Wildlife consumption, including for food, medicine, or other reasons, has been a frequent vehicle for zoonotic diseases that create epidemics or pandemics. The global trade in wildlife increases the probability of novel infectious diseases. The World Health Organization has identified human interaction with and consumption of wildlife as contributing to the human contraction and spread of Ebola and other viruses. Bats and pangolins have been proposed as possible hosts of the COVID-19 coronavirus before it emerged in humans. How people first contracted COVID-19 is not known, but early reports have speculated that this coronavirus may have passed to humans through a Chinese market selling wildlife for human consumption.


Although the legal trade in pangolins was banned in 2017, Chinese clinics and hospitals are allowed to use pangolin scales for medicinal purposes. Sadly, pangolins have the unenviable distinction of being the most illegally traded animal in the world, with more than a million individuals being killed for trade just in the last decade.

Deforestation in Ghana, West Africa. Photo by Nico Arcilla.


The global wildlife trade is valued at $20 billion annually, including pangolin scales that may fetch $1000 per kilo. Unfortunately, the rates of deforestation and wildlife trade in many countries are higher now than ever, enabling novel contacts between wildlife and humans that inherently carry a high risk of disease. Ongoing deforestation, especially in the species-rich tropics, increasingly enables people to invade previously remote wildlife habitats and is a main avenue by which zoonotic diseases may emerge and spread.

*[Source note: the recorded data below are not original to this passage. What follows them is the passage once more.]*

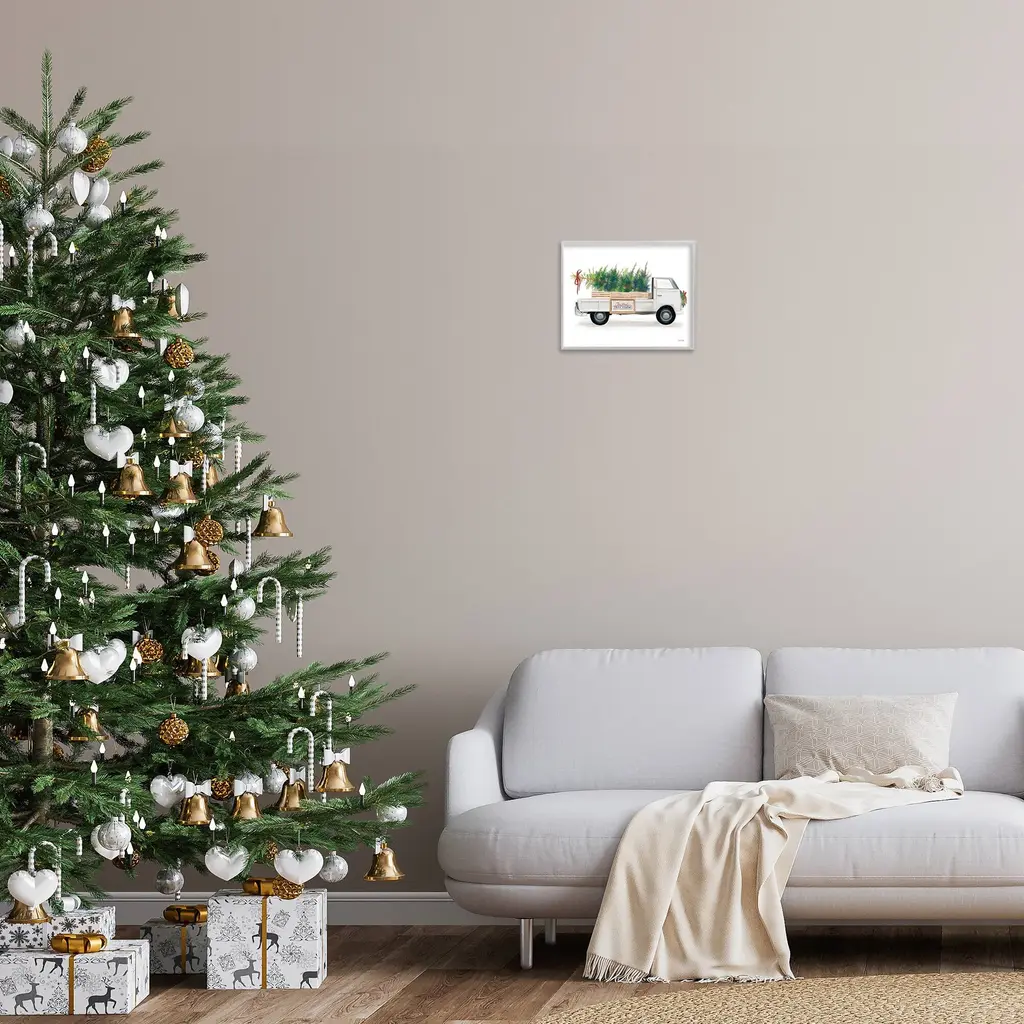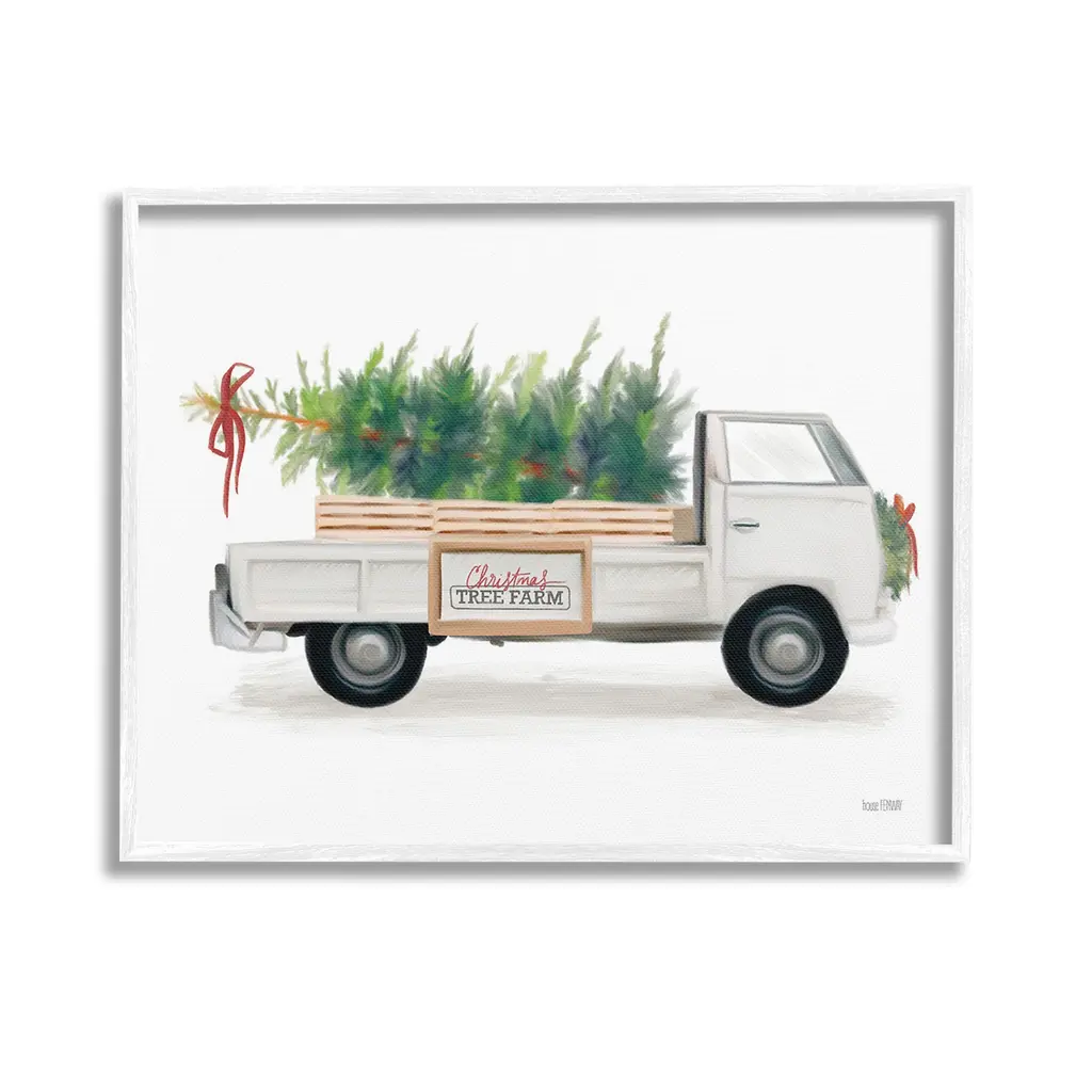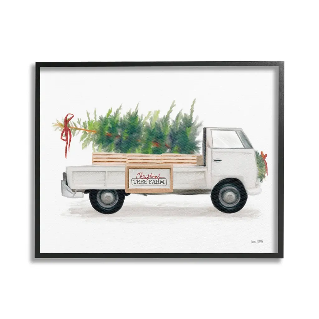 Add dimension to any room with our textured Framed Giclee Artwork. Our framed artwork is securely mounted into a 1.5-inch thick wood grain frame and ready to hang. Frames are available in three alluring styles: black, gray farmhouse and white. In addition, you should check out our oversized options if you want a statement piece. Stupell Wall Art is made in the USA.Features: Dimensions: 14 x 1.5 x 11 FramedFramed Giclee Products are available in the sizes 14"x11", 20"x16" or 30"x24". All Framed Giclee Products have a 1.5" Depth. Wall Art is Ready to Hang with Hardware Free Hanging. No installation required. For Easy Set Up Lean or Layer Artwork on Shelf or Against Wall.Our giclée prints are carefully mounted on a durable MDF backing, and then perfectly finished in a 1.5 inch thick woodgrain frame. Mounted frame colors include black, gray farmhouse and white. Made In USA.Artwork Relates To: Pickup Truck, Vehicle, Plant, Tree, Christmas, Winter, Farmhouse, Christmas Tree FarmDesign by House Fenway
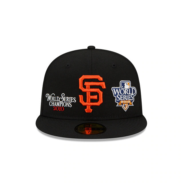 Relive some of baseball's most exciting moments with the San Francisco Giants Champion 59FIFTY Fitted Cap featuring an embroidered teams logo, complimented by a World Series Champions script and World Series patch embroidered at the front panels. Additional details include a MLB Batterman logo at the rear and a gray undervisor.
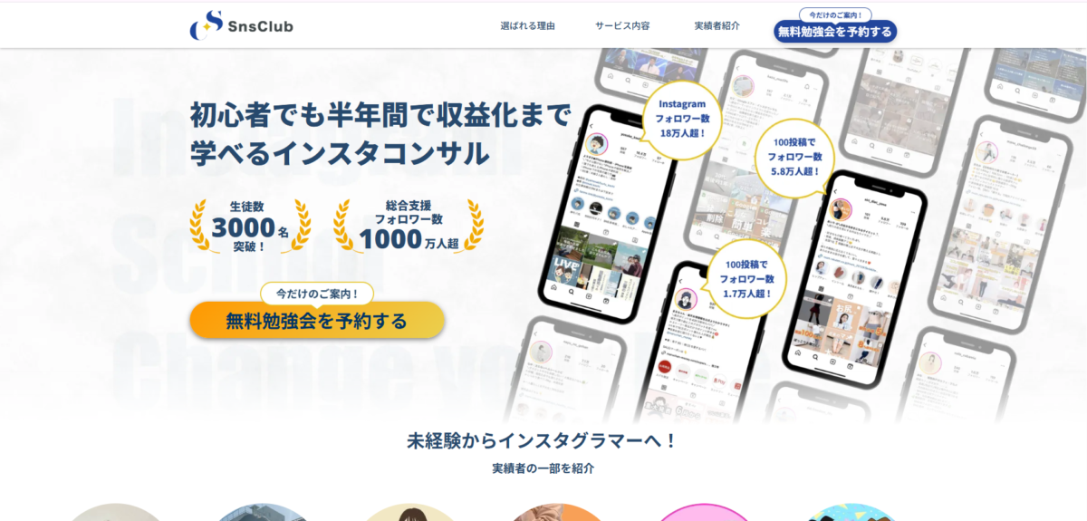 未経験の状態からわずか半年間で、収益化を実現するインフルエンサーへと導くスクールがSnsClubです。指導にあたる講師陣は全員が現役で活躍する実力派インフルエンサーのみで構成されており、机上の空論ではない経験に基づいたノウハウを直接吸収できます。

The COVID-19 crisis exposes our vulnerability and that of the other species with which we share this world and provides an impetus to reconsider our consumption and destruction of so much of the world’s wildlife and wild places. Outbreaks of new zoonotic diseases such as the COVID-19 pandemic were and remain predictable. By doing more to protect nature from unsustainable exploitation, we can lessen the risk of emergence of dangerous new diseases while protecting endangered species from extinction. Banning the global wildlife trade will mitigate the risk of future pandemics and reduce the rate of extinctions. We thus support the call by 339 animal welfare and conservation organizations to urge the World Health Organization to release a formal position statement advising governments to ban wildlife markets and shut down the commercial wildlife trade. Such a statement would encourage increased protection of nature from invasion and destruction while lessening human exposure to novel diseases and rendering pandemics less likely. Protecting wildlife and wild places from unsustainable exploitation thus benefits us all.